Fifteen residents and five staff members at a local nursing home were hit with a Norwalk-like virus just one month after a similar infection was reported in November, according to a monthly communicable disease report provided by the county’s health officials.
Outside of the viral outbreak, the county’s level of communicable diseases was not out of the ordinary for this time of year, according to the November 2005 report by the San Mateo County Health Services Agency.
An undisclosed nursing home reported a gastrointestinal outbreak that later tested positive as a Norwalk-like virus. A communicable disease team, consisting of an epidemiologist and two public health nurses, visited the premises and recommended ways to prevent future transfer and allowed the facility to re-open for admissions.
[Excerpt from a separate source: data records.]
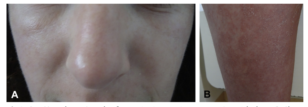
Fig 1. DRESS syndrome 2 weeks after starting ivermectin treatment. A, Facial edema. B, Closeup view of erythematous, edematous, and exfoliative dermatitis on the thigh.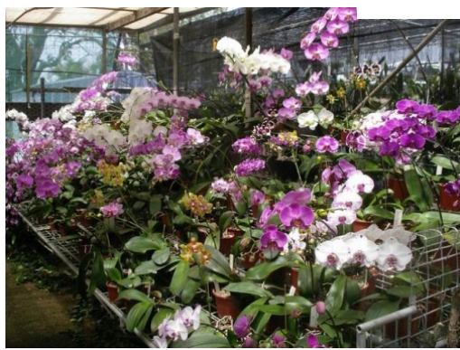
See how others grow their plants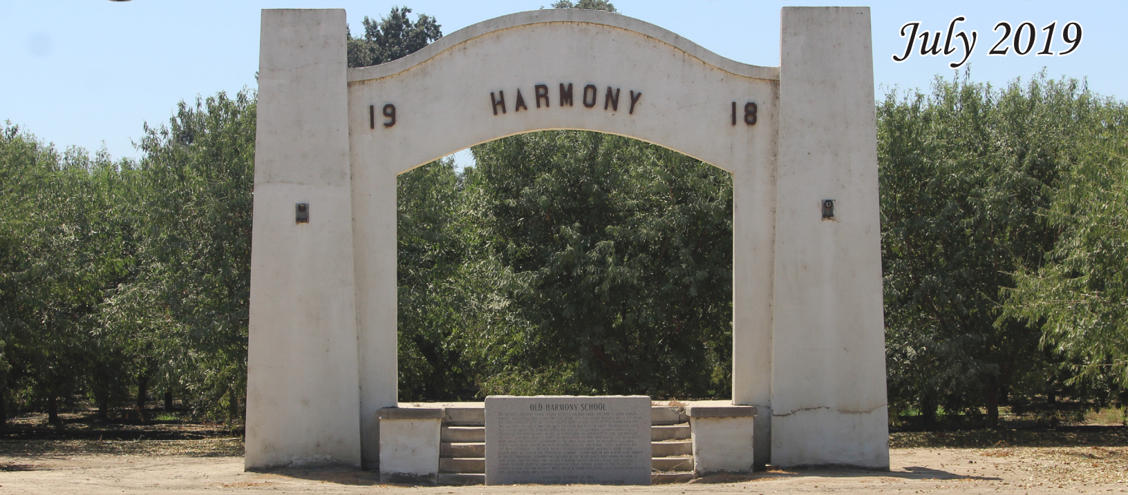
Old Harmony Schoolhouse, Porterville, CA Louie T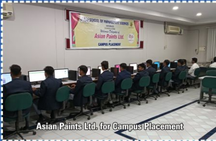
Asian Paints Ltd. for Campus Placement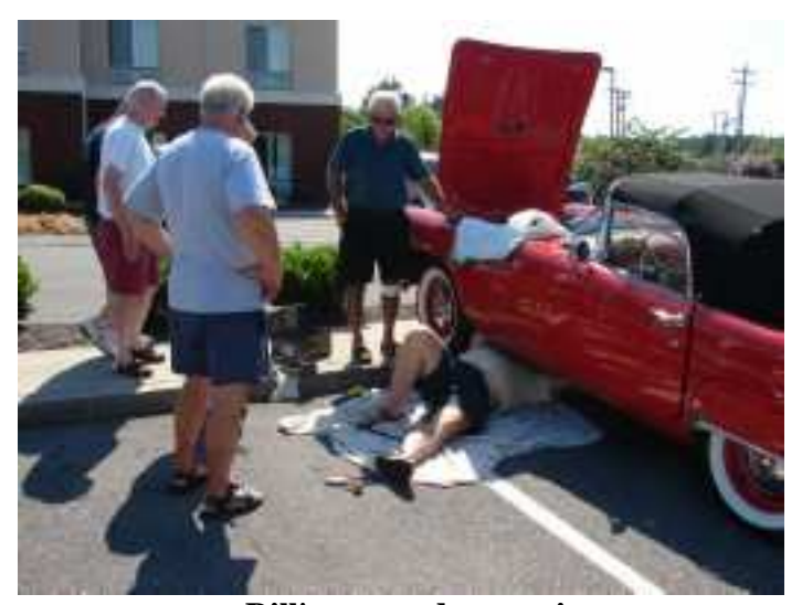
Bill's car under repair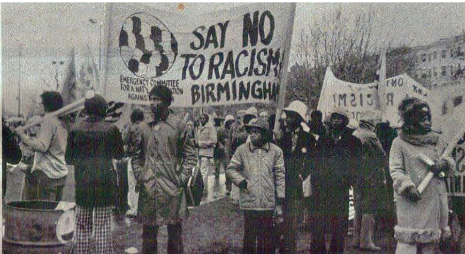
The "Solidarity Bus" from Birmingham traveled 31 hours to Boston. It departed from the 16th Street Baptist Church where, in 1963, three Black children were killed in a KKK-style terror bombing.

Health officials did not disclose which facility had the outbreak. In mid-October, a nursing home reported 20 residents and six staff members infected with a Norwalk-like virus.
Norwalk-like viruses, which are often food-borne, can cause nausea, vomiting, diarrhea and cramping. The immunosupressed and elderly are particularly vulnerable but infected people usually recover in two to three days.
During the same month, 127 cases of chlamydia were reported elsewhere in the county, bringing the yearly total to 1,446. Antibiotic resistant organism reports numbered 86 in November, for a total of 777 cases in 2005. Twenty-nine gases of gonorrhea were reported, for a total of 241 this year and three cases each of salmonella and tuberculosis were reported. In contrast, October saw 11 cases of salmonella.
For the year, 69 cases of whooping cough were reported in San Mateo County but none occurred during the month of November.